Kerangka bagi dunia pembayaran bertenaga stablecoin sedang dibangun dengan cepat. Lima badan federal merilis aturan identifikasi nasabah pertama GENIUS Act minggu ini, Fidelity meluncurkan dana cadangan yang akan dibutuhkan penerbit tersebut untuk tetap patuh, sebuah stablecoin krona Swedia diluncurkan di lima chain di bawah MiCA, dan Bitcoin mendapat protokol point-of-sale yang menjaga aset tersebut tetap native hingga ke penyelesaian.
- Lima badan AS mempublikasikan usulan aturan KYC GENIUS Act untuk penerbit stablecoin, dengan jendela komentar 60 hari
- Fidelity meluncurkan dana cadangan pasar uang yang selaras GENIUS Act, menyasar pasar stablecoin senilai $320 miliar
- SEKAU milik AllUnity menjadi stablecoin krona Swedia patuh-MiCA pertama, aktif di Ethereum, Solana, Base, Polygon, dan Tempo
- GoMining merilis SDK dan API GoBTC Pay-nya, memberikan merchant point-of-sale Bitcoin native dengan biaya 0,2% dan penyelesaian dalam BTC
- AgentCard milik Alchemy mendapatkan akses ke jaringan Visa, memungkinkan AI agent mengeksekusi pembelian atas nama penggunanya
Arah dari kelima berita ini sama: stablecoin bergerak dari eksperimen finansial menjadi infrastruktur teregulasi, dan protokol untuk membelanjakan nilai digital dalam perdagangan sehari-hari berkembang biak dengan cepat.
Badan-badan AS mempublikasikan aturan KYC GENIUS Act pertama untuk penerbit stablecoin
Sumber: CoinDesk
Federal Reserve, Departemen Keuangan, OCC, FDIC, dan NCUA bersama-sama merilis usulan aturan pada 18 Juni yang menetapkan persyaratan identifikasi nasabah bagi penerbit stablecoin yang beroperasi di bawah GENIUS Act. Aturan ini akan memperlakukan penerbit stablecoin pembayaran yang diizinkan sebagai institusi keuangan di bawah Bank Secrecy Act, mewajibkan mereka memverifikasi identitas nasabah, menyimpan catatan, dan melakukan penyaringan terhadap daftar pengawasan teroris.

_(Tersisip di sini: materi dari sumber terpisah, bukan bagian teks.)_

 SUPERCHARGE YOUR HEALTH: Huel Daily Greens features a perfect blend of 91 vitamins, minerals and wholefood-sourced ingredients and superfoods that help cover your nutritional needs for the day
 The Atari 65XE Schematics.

Badan-badan tersebut membatasi kewajiban KYC pada hubungan langsung-ke-konsumen, tidak sampai ke persyaratan due diligence nasabah “global” yang mereka anggap tidak layak diterapkan. Masa komentar publik selama 60 hari dibuka begitu aturan ini dipublikasikan di Federal Register pada 22 Juni. Gubernur Fed Michael Barr menyoroti sebuah kekhawatiran: kerangka ini mungkin belum cukup menangani keuangan ilegal dalam transaksi pasar sekunder, mempertanyakan apakah persyaratan identifikasi seharusnya diperluas melampaui penerbitan awal.
Pandangan Zypto: Beginilah wujud normalisasi regulasi. GENIUS Act disahkan pada Juli 2025 dan mendefinisikan siapa yang boleh menerbitkan stablecoin pembayaran. Penyusunan aturan ini mengisi pertanyaan berikutnya: kewajiban operasional apa yang menyertai status itu. Memperlakukan penerbit stablecoin seperti institusi keuangan di bawah Bank Secrecy Act bukan langkah radikal. Ini, secara garis besar, adalah kompromi yang diminta industri sendiri ketika melobi untuk kerangka hukum.

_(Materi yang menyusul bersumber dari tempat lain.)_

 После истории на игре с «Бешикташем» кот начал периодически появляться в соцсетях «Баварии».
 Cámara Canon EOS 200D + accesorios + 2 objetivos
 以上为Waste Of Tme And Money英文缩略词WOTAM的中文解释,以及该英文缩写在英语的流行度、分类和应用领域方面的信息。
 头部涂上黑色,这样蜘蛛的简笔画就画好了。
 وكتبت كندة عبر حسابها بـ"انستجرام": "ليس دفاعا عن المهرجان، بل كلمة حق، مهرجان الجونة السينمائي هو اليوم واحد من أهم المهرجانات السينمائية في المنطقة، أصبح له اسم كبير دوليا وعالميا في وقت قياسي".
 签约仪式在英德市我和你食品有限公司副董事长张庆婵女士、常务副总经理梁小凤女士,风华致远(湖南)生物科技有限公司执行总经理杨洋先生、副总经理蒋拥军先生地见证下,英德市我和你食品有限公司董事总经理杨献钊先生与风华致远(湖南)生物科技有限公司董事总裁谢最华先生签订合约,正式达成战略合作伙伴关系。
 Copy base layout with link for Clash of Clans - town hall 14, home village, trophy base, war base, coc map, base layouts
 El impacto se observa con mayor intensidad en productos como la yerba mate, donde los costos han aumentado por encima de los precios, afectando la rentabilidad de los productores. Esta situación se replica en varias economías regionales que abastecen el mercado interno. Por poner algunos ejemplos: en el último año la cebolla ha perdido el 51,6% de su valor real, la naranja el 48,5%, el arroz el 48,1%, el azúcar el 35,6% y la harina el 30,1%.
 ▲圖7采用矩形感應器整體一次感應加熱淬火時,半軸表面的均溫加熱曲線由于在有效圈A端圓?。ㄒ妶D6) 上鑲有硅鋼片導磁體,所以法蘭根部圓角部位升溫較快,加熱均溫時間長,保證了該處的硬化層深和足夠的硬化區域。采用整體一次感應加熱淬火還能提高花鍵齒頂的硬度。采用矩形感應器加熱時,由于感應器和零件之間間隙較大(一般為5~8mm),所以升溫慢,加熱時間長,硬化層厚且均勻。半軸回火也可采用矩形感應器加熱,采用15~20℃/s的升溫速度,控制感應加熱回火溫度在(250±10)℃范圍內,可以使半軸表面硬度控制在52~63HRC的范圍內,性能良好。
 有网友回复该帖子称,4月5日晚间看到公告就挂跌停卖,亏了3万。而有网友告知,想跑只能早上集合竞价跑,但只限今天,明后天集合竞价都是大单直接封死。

Celah pasar sekunder yang disorot Barr adalah pertanyaan sebenarnya yang belum terjawab. Begitu sebuah stablecoin meninggalkan hubungan nasabah langsung penerbitnya dan mulai beredar onchain di berbagai dompet dan protokol, mesin kepatuhan standar BSA menjadi tipis. Itu tantangan infrastruktur yang nyata, dan akan mendorong penyusunan aturan lebih lanjut.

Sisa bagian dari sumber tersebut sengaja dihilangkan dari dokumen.